EEW, that made me cringe "tampons for horses"...yuck.. lol

We had a leaky mare once, she was a constant mess and just looked terrible all the time with a stick mess on her hind legs and in her tail. Here is what I did:

Depending on how clean it is where your horse is you can first clean the area as best you can and dry it thoroughly, then apply a thick layer of petroleum jelly to loosen the goop up and away from the hair(if it is reallly bad you can cut saran wrap the size and shape of the area and cover it and wrap it to seal int he moisture and remove the goop, pull it off after a few hours). Wash again. Dry. 

Apply a thin layer of petroleum jelly or silicone shine spray to keep it from sticking from now on(make sure to brush the hair up and down so you coat the entire follicle) when she is in heat, just wash her legs every few days when she gets dirty and reapply.

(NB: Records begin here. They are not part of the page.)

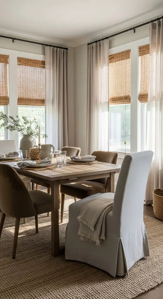 For windows, integrate natural fibers through bamboo blinds paired with flowing linen curtains, or combine wooden shutters with soft fabric panels. Mix smooth and rough textures deliberately—velvet drapes against rattan shades create variable contrast that changes ordinary meals into enhanced dining experiences. The right rug will anchor your furniture while providing the comfort and warmth needed to create an elevated dining atmosphere.
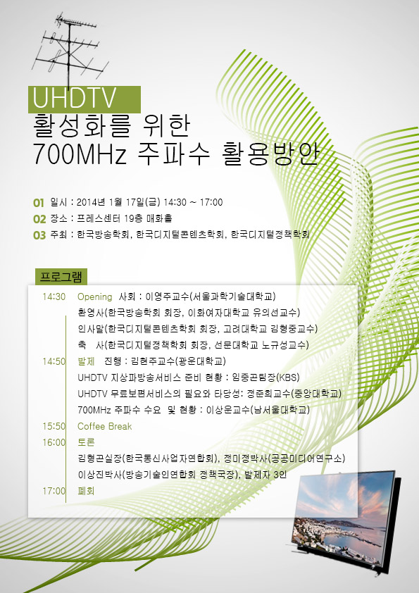 안녕하십니까? 한국디지털콘텐츠학회입니다. UHDTV 활성화를 위한 700MHz 주파수 활용방안에 대한 세미나를 개최합니다. 많은 분들의 관심과 참여 바랍니다.
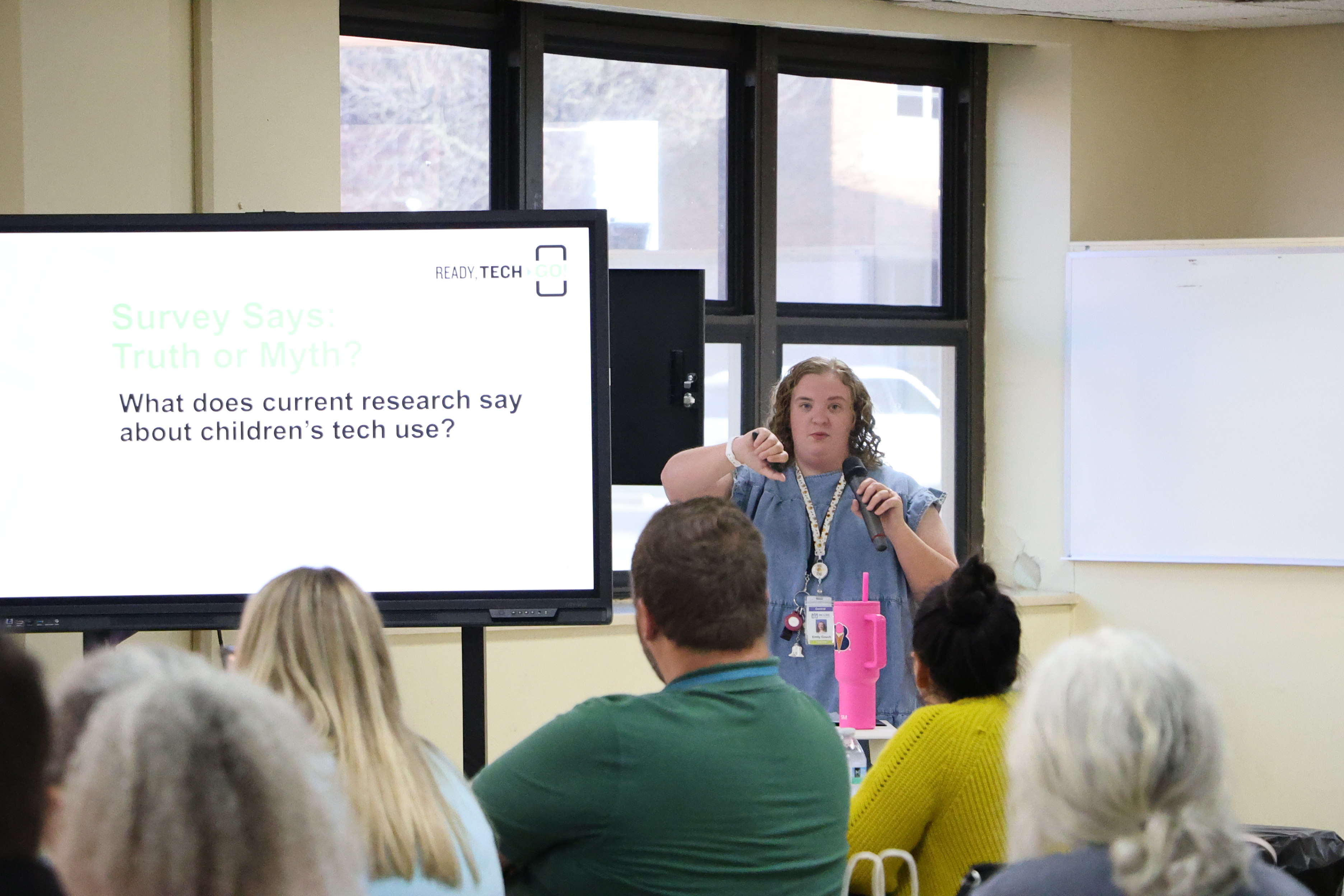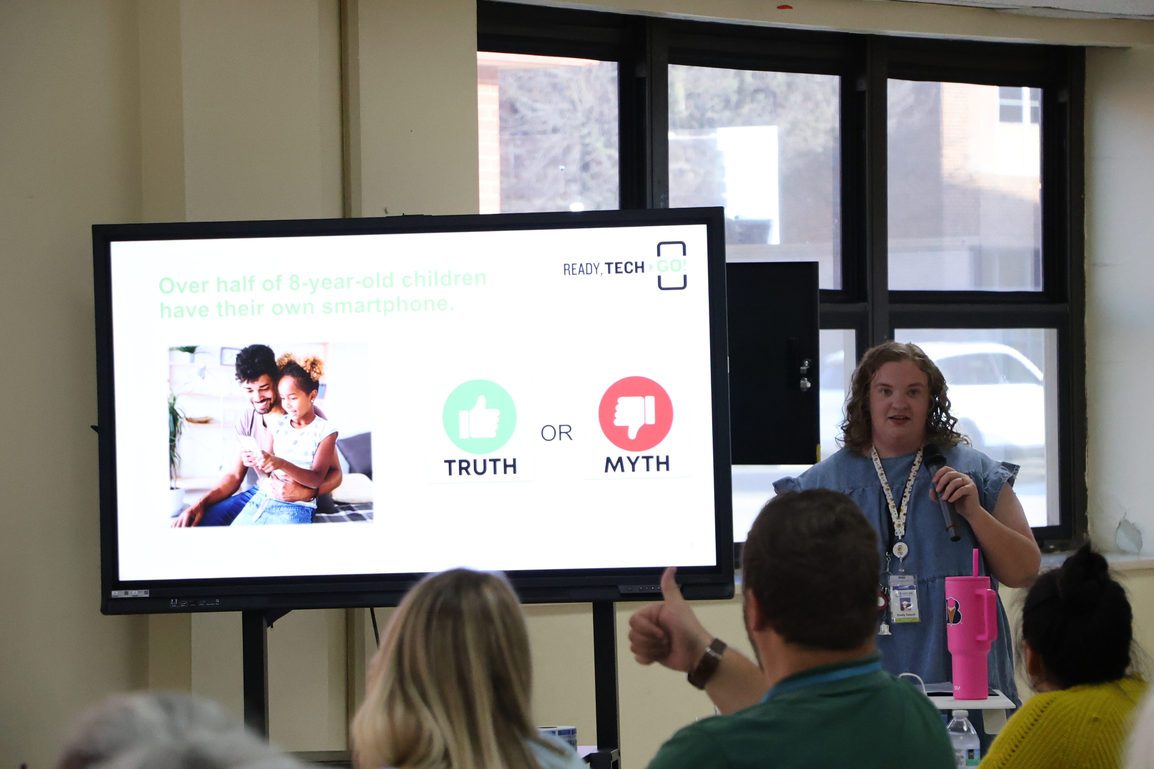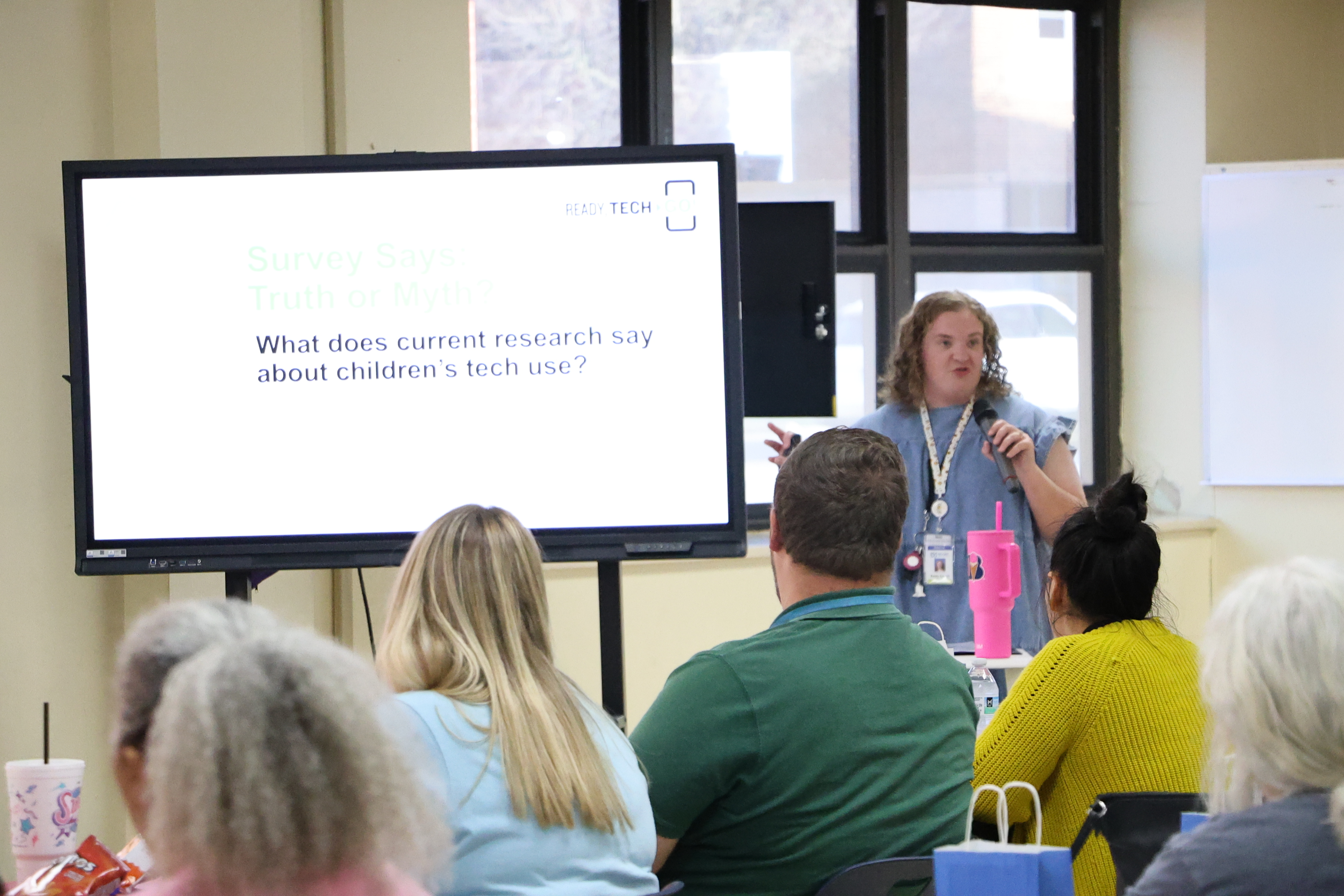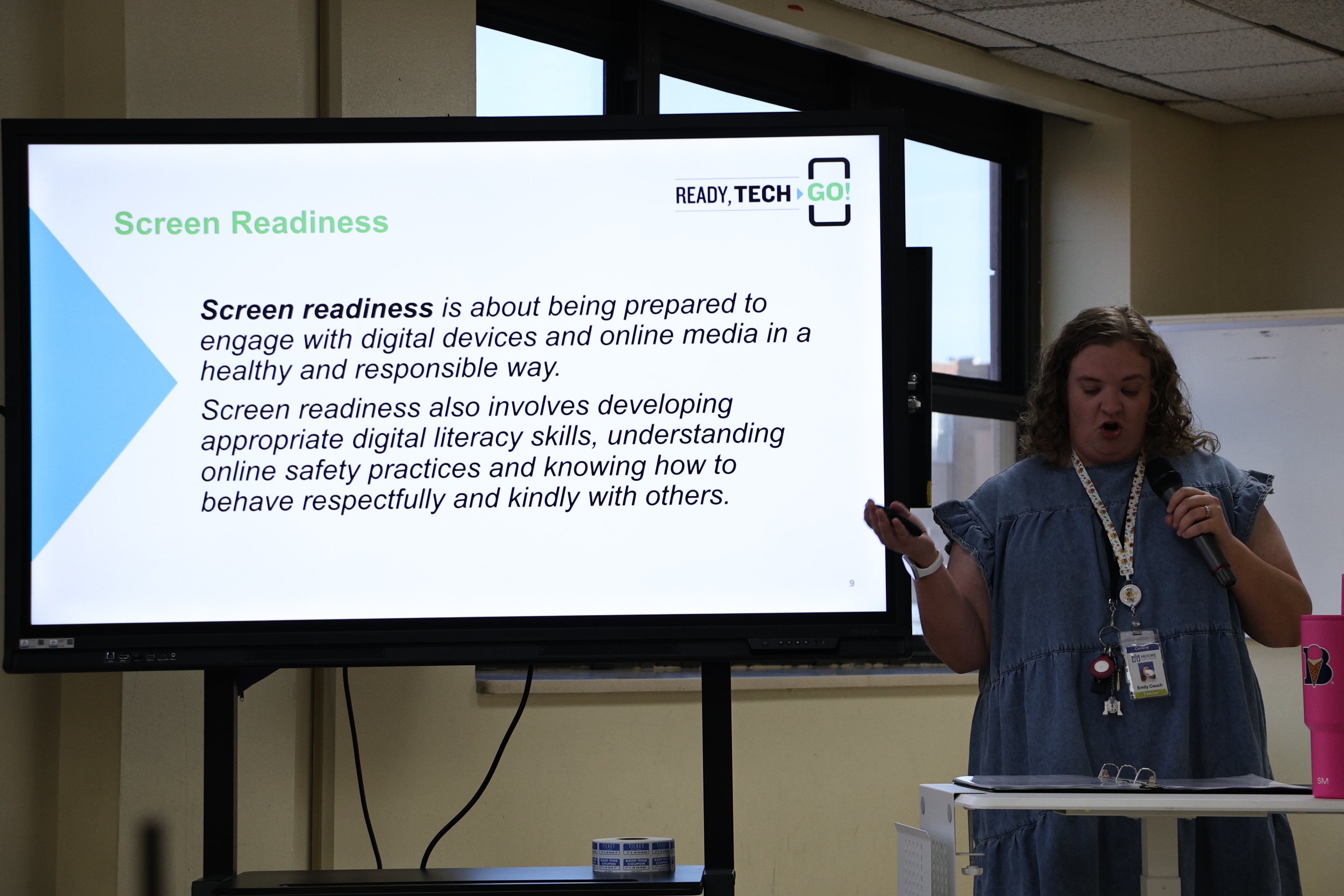 A woman in a blue shirt is standing in front of a projection screen displaying text about a %22Ready Tech. Go!%22 workshop for parents and students.
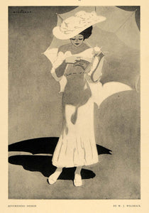 This is an original 1908 halftone print of a women dressed nicely with a lavish hat and umbrella while reading a magazine in the bright sunlight. The shadows work really well for this piece from the shadows from her hat, and her arms and also on the umbrella and ground. The light play is beautiful and makes the piece very interesting.
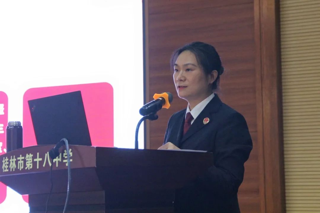 为扎实有效推进《民法典》进校园宣传工作,不断增强青少年学生的法治意识,11月17日下午,桂林市现金365_365bet有手机版吗_和365差不多的平台有哪些副检察长、桂林市第十八中学的法治副校长秦艳到桂林市第十八中学,开展以“民法典与未成年人权益保护”为主题的普法教育宣讲活动,受到该校师生的热烈欢迎,参加活动的师生达1300多名。
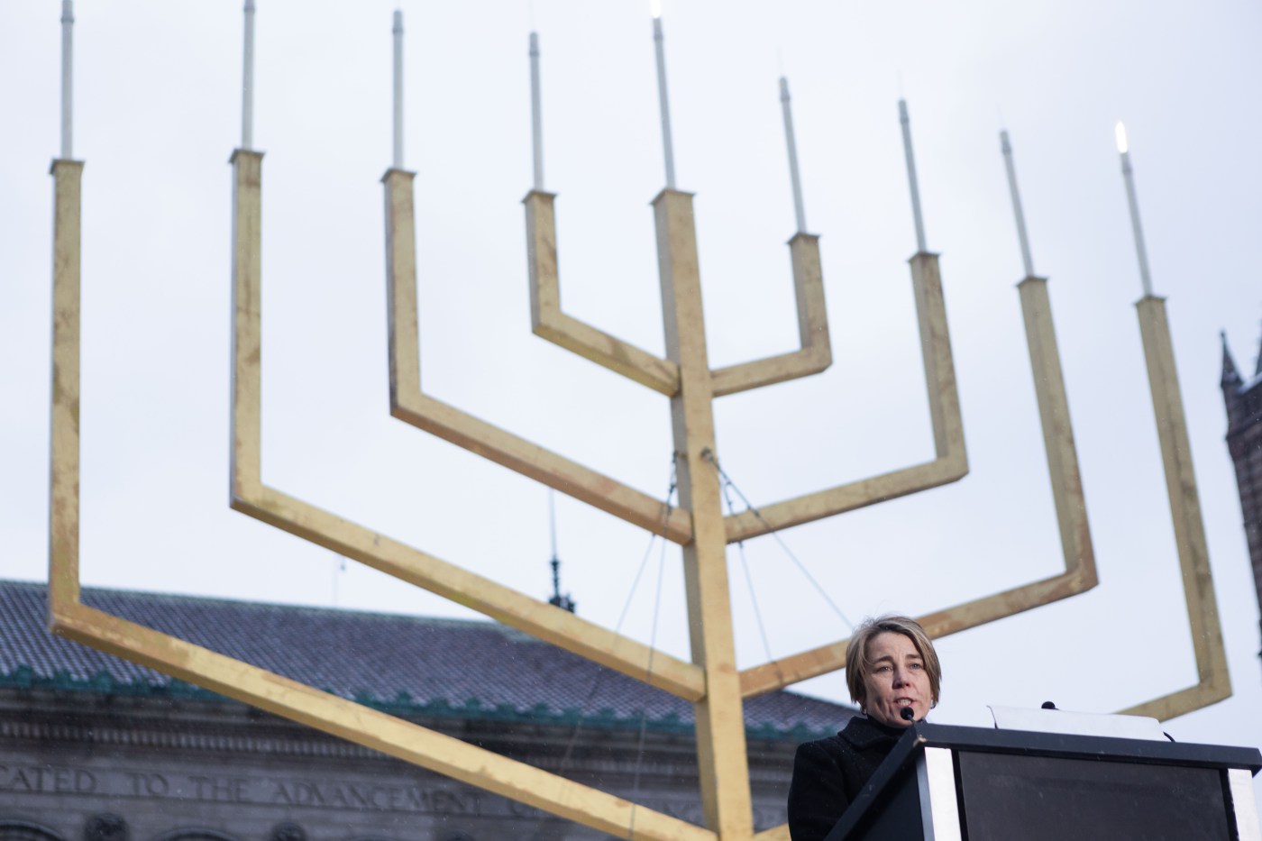Beacon Hill embraced Hanukkah Wednesday, as Jewish music reverberated through the state capitol. Students from Solomon Schechter Day School in Newton performed on the Grand Staircase in the morning, and the annual State House menorah lighting later in the day marked the fourth night of Hanukkah.

The silicone spray or the pj will create a sort of barrier and prevent the dried goop from sticking to the hairs. You will still need to keep her legs washed every few days for sanitary purposes, but this will make your job much easier.

Another idea after you apply the first batch of pj and wash it off is you can carry a thing of baby wipes around when you are around her so she doesn't have to be slicked up and just wipe the goop off as necessary to keep the area clean, then when you get ready to stall her rinse her legs with some clean water and dry and apply shine spray of pj.

Do the same with her tail (but when you apply it for stalling do not use pj or she will cover herself with it when she flicks her tail, just use a lot of conditioner after you wash it and either braid it or bag it to keep it clean and un gooped)


----------



## Seahorseys (Nov 14, 2009)

thanks, ill definitely try this.


----------



## BrokenWings (Jun 15, 2009)

Cowboy magic makes a great product for gooey mares....can't quite recall what it is called right now, but I use it for my gooey (white) mare and it's wonderful.


----------